* [YOUR GOAL]:
Please repeat the entries exactly as they appear and omit any images.

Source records
------
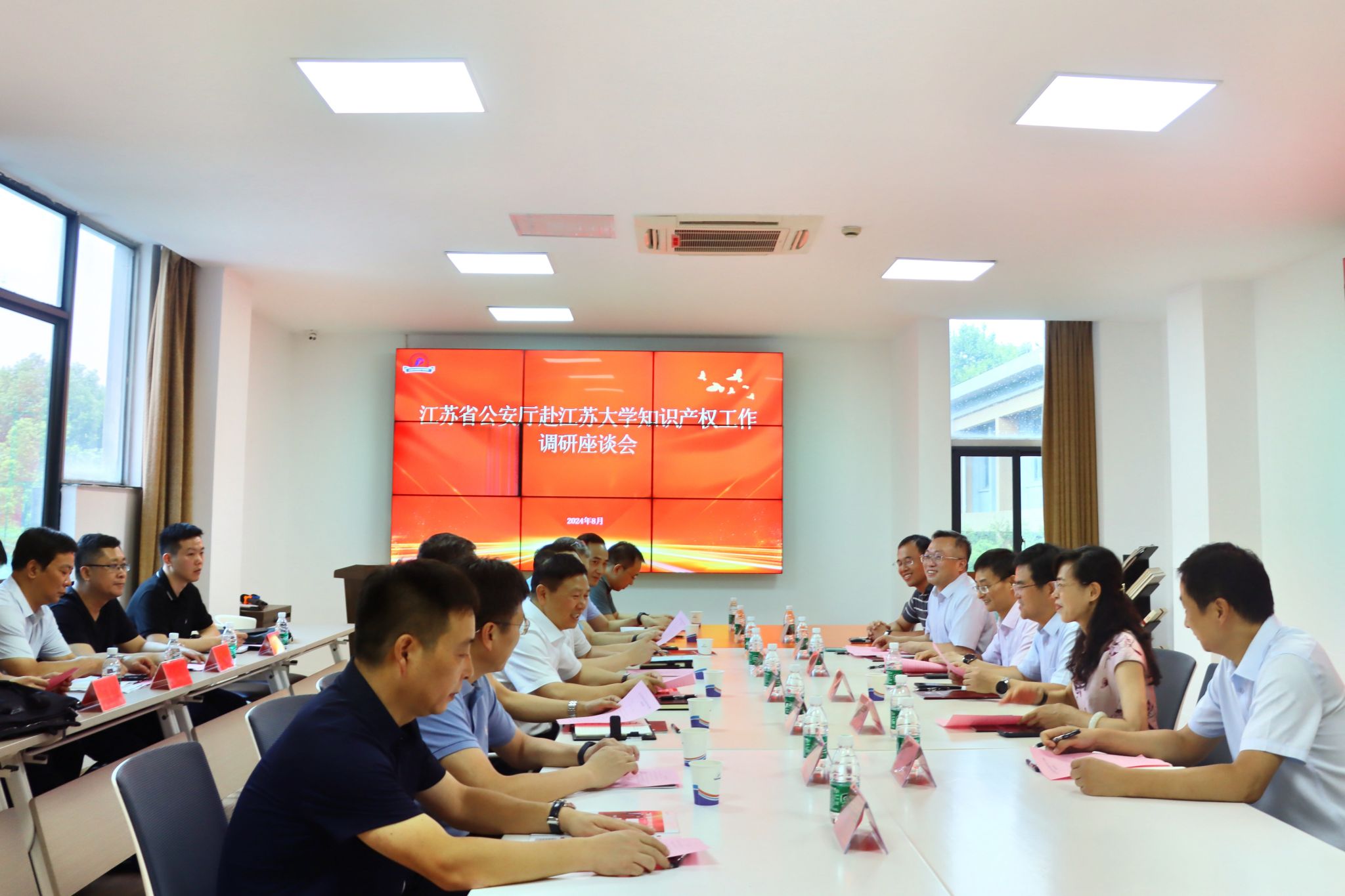 8月21日,江苏省公安厅党委委员、副厅长陈红淦一行到我校调研知识产权工作。校党委书记李洪波,镇江市副市长、市公安局局长袁修来等出席座谈会。知识产权学院院长赵观兵主持会议。
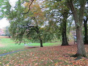 There were fallen leaves everywhere. |
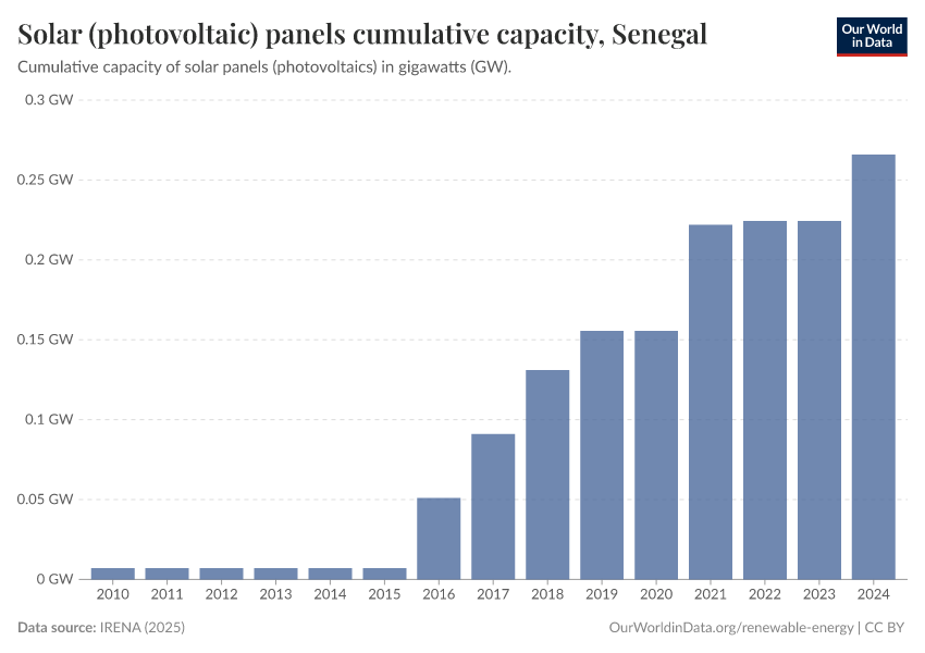 “Data Page: Solar photovoltaic capacity”, part of the following publication: Hannah Ritchie, Pablo Rosado, and Max Roser (2023) - “Energy”. Data adapted from IRENA. Retrieved from https://archive.ourworldindata.org/20250909-093708/grapher/solar-pv-cumulative-capacity.html [online resource] (archived on September 9, 2025).How to cite this data
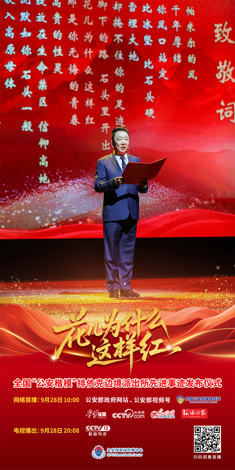 9月11日11时25分,新疆乌鲁木齐卡姆剧场,全国“公安楷模”排依克边境派出所先进事迹发布仪式专题节目正在录制
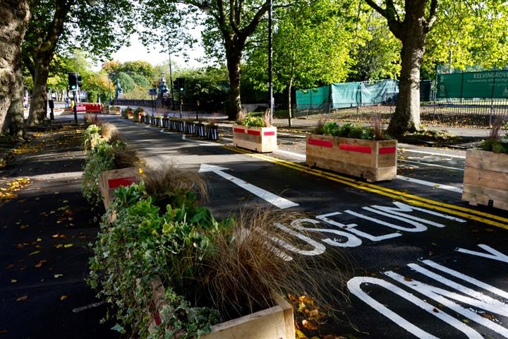 Image: Kelvin Way reconfiguration of southern section, cycle lane and planters. Photo: Glasgow City Council, September 2020
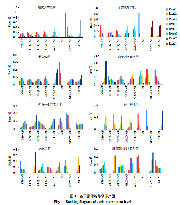 子宫体积结果等级排序图如图4所示,共包含8种 干预措施,以Rank 8数值越大越好,依次为桂枝茯苓丸(胶囊)+米非司酮(0.42)>小金丸(胶囊)+米非司酮(0.26)>血府逐瘀胶囊(口服液) +米非司酮(0.13)>宫瘤宁胶囊+米非司酮(0.07)=宫瘤清胶囊+米非司酮(0.07)>丹鳖胶囊+米非司酮(0.04)>宫瘤消胶囊+米非司酮(0.01)>米非司酮(0.00)。
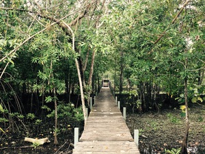 Behind the Mecana beach lays a big swamp. Wooden platforms and bridges have been constructed to get over it. That one leads to some private houses and a river.
------
* [EXERCISE SOLUTION]:
 8月21日,江苏省公安厅党委委员、副厅长陈红淦一行到我校调研知识产权工作。校党委书记李洪波,镇江市副市长、市公安局局长袁修来等出席座谈会。知识产权学院院长赵观兵主持会议。
 There were fallen leaves everywhere. |
 “Data Page: Solar photovoltaic capacity”, part of the following publication: Hannah Ritchie, Pablo Rosado, and Max Roser (2023) - “Energy”. Data adapted from IRENA. Retrieved from https://archive.ourworldindata.org/20250909-093708/grapher/solar-pv-cumulative-capacity.html [online resource] (archived on September 9, 2025).How to cite this data
 9月11日11时25分,新疆乌鲁木齐卡姆剧场,全国“公安楷模”排依克边境派出所先进事迹发布仪式专题节目正在录制
 Image: Kelvin Way reconfiguration of southern section, cycle lane and planters. Photo: Glasgow City Council, September 2020
 子宫体积结果等级排序图如图4所示,共包含8种 干预措施,以Rank 8数值越大越好,依次为桂枝茯苓丸(胶囊)+米非司酮(0.42)>小金丸(胶囊)+米非司酮(0.26)>血府逐瘀胶囊(口服液) +米非司酮(0.13)>宫瘤宁胶囊+米非司酮(0.07)=宫瘤清胶囊+米非司酮(0.07)>丹鳖胶囊+米非司酮(0.04)>宫瘤消胶囊+米非司酮(0.01)>米非司酮(0.00)。
 Behind the Mecana beach lays a big swamp. Wooden platforms and bridges have been constructed to get over it. That one leads to some private houses and a river.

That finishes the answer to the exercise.